Safe-haven demand is picking up amid a broad array of financial and geopolitical risks.
Equity indexes in United States recently dipped 20% from their highs, meaning they have entered a “bear” market. Previous pullbacks have attracted bargain hunters, but that hasn’t been the case in recent months, and unless the Boxing Day bounce in the U.S. can hold, things could get worse.
Brexit risks and Italy’s shaky financial situation could keep buyers on the sidelines through March, and the ongoing uncertainty around trade negotiations between China and the United States are adding fuel to the fire.
The other side of the gold story is U.S. interest rates. Gold normally comes under pressure when the U.S. is raising rates, or at least when the market is of the opinion that more rate hikes are on the way. The Federal Reserve raised rates four times in 2018, and initial projections had the market pricing in three more moves next year, but analysts are now looking at two moves or less, and that could be providing more gold support.

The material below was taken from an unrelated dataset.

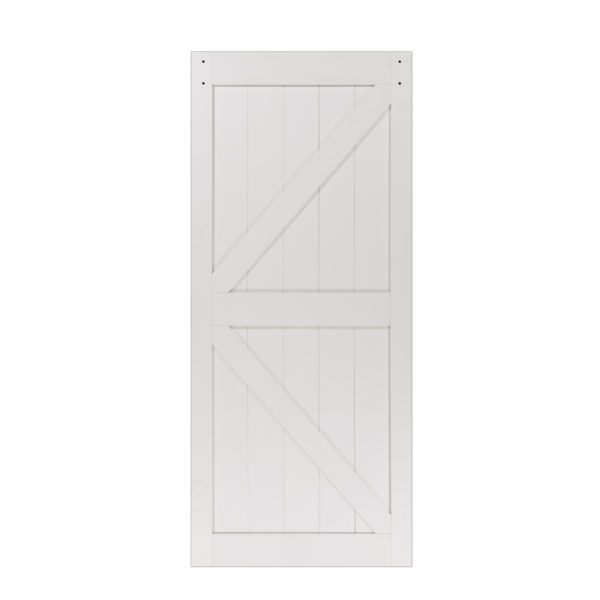 Our ready-to-assemble Easy-Build Stone Barn Door kit is a traditional K-design packaged in a conveniently sized box that fits in your car. The kit is easy to assemble and install kit generates an immediate impression creating definition between rooms, hallways and closets, or divides large open spaces into more comfortable, conversational areas. The modern, solid engineered wood construction DIY barn door is accented with Rustic Matte Black, bent strap hardware.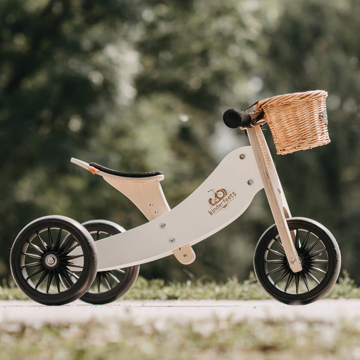 - Ručno izrađen od drva breze dobivenog iz obnovljivih izvora (za svaki prodani bicikl Kinderfeets posadi drvo)

If it starts to look like the Fed will sit on its hands through 2019, gold could have more room to run in the coming months.
Things could certainly turn on a dime, so I wouldn’t back up the truck, but the momentum appears to be in favour of more gains for gold.
Which stock should you buy?
The company has hit a few speed bumps in its turnaround efforts, but the foundations are in place for the company to see strong results in the coming years. Goldcorp is targeting a 20% increase in resources and production, while reducing all-in sustaining costs by 20% through 2021.
If it can hit the targets amid an environment of rising gold prices, the stock could see nice upside. At the time of writing, Goldcorp trades for close to $13 per share. In 2011, it was above $50 per share.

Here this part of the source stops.